To understand exactly what makes this a problem, let’s take a few minutes to understand concrete.

Concrete = Cement + Water + Aggregate

Cement = a combination of lime, silica, alumina, magnesia, sulfur trioxide, alkaline, iron oxide, and calcium sulfate. These “ingredients” are generally extracted from limestone, clay, marl, shale, chalk, sand, bauxite, and iron ore. 

A mix of cement and water makes a mixture that’s called a slurry.

Sand, gravel, and crushed stone, aka aggregates, are added to the mixture.

Through a chemical reaction called hydration, the cement paste hardens and becomes strong.
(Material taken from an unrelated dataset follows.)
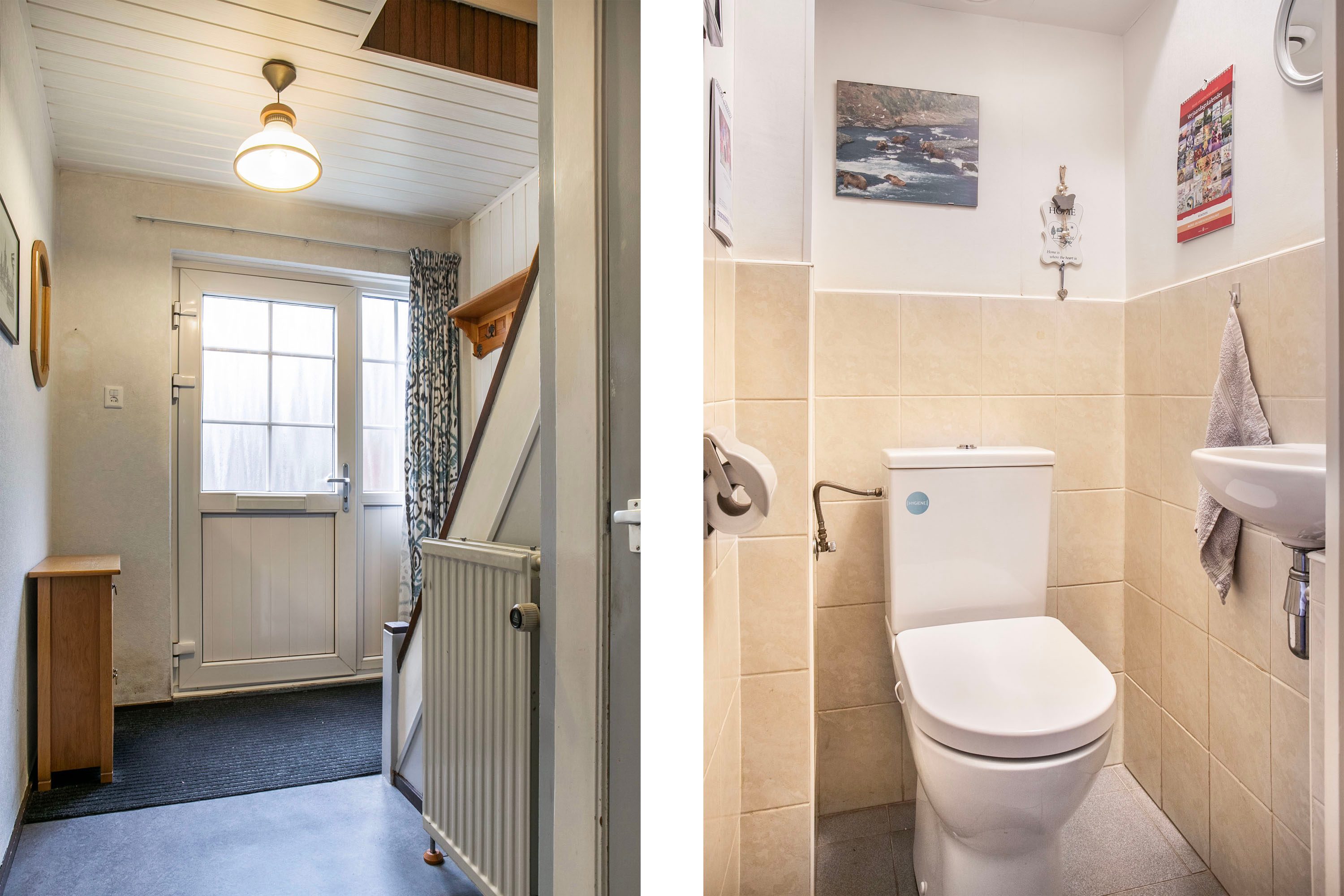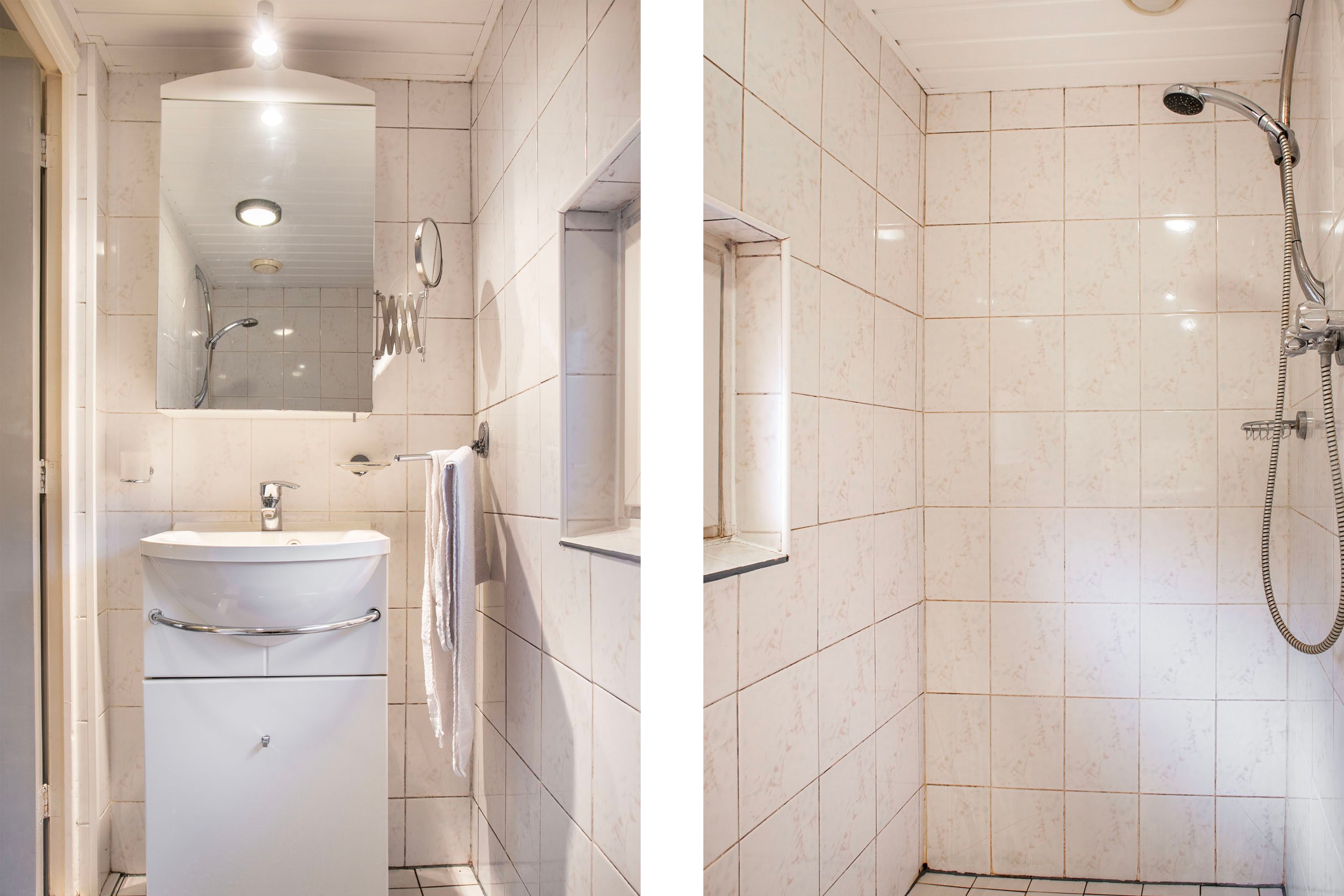 De badkamer is volledig betegeld in een lichte kleurstelling en uitgerust met een douche en een wastafelmeubel. De ruimte is eenvoudig van opzet en toe aan modernisering, waardoor je deze geheel naar eigen smaak kunt vernieuwen.

One key to making a strong concrete that will last for a long time depends on how much water goes into the concrete mixture and this amount is determined by a ratio. If there’s too much water, the concrete will be weaker and may cause, for example, more cracking than usual even in a “healthy” foundation. 

What makes concrete stronger or weaker? 
High-quality concrete is produced by lowering the water-cement ratio as much as possible without sacrificing the workability of fresh concrete, allowing it to be properly poured, worked with, and cured.

How do they know if a batch is properly mixed? It’s possible to check this by what’s called a “slump test” which measures the flowability of the mixture. When concrete is poured, it needs enough water to pour out of the cement truck and to properly fill the foundation forms but not so much flowability that it’s too watery and therefore weaker. In Connecticut, slump tests are required for commercial construction but not for residential construction. Here’s a nice video that shows how a slump test is done. 

Back to our story
Now that you understand the “ingredients” in concrete, let’s talk about the source of the aggregate used to produce the concrete from J.J. Mottes. The aggregate used in the Mottes cement “recipe” was quarried in west Willington, CT at Becker’s Quarry. The Becker’s Quarry aggregates were used in the Mottes concrete as late as 2014. Within this quarry, there is a vein of a naturally occurring mineral called pyrrhotite – this is our villain. It’s not necessarily visible to the eye and would have been crushed, presumably unknowingly, along with the other stone to create the aggregate used by Mottes.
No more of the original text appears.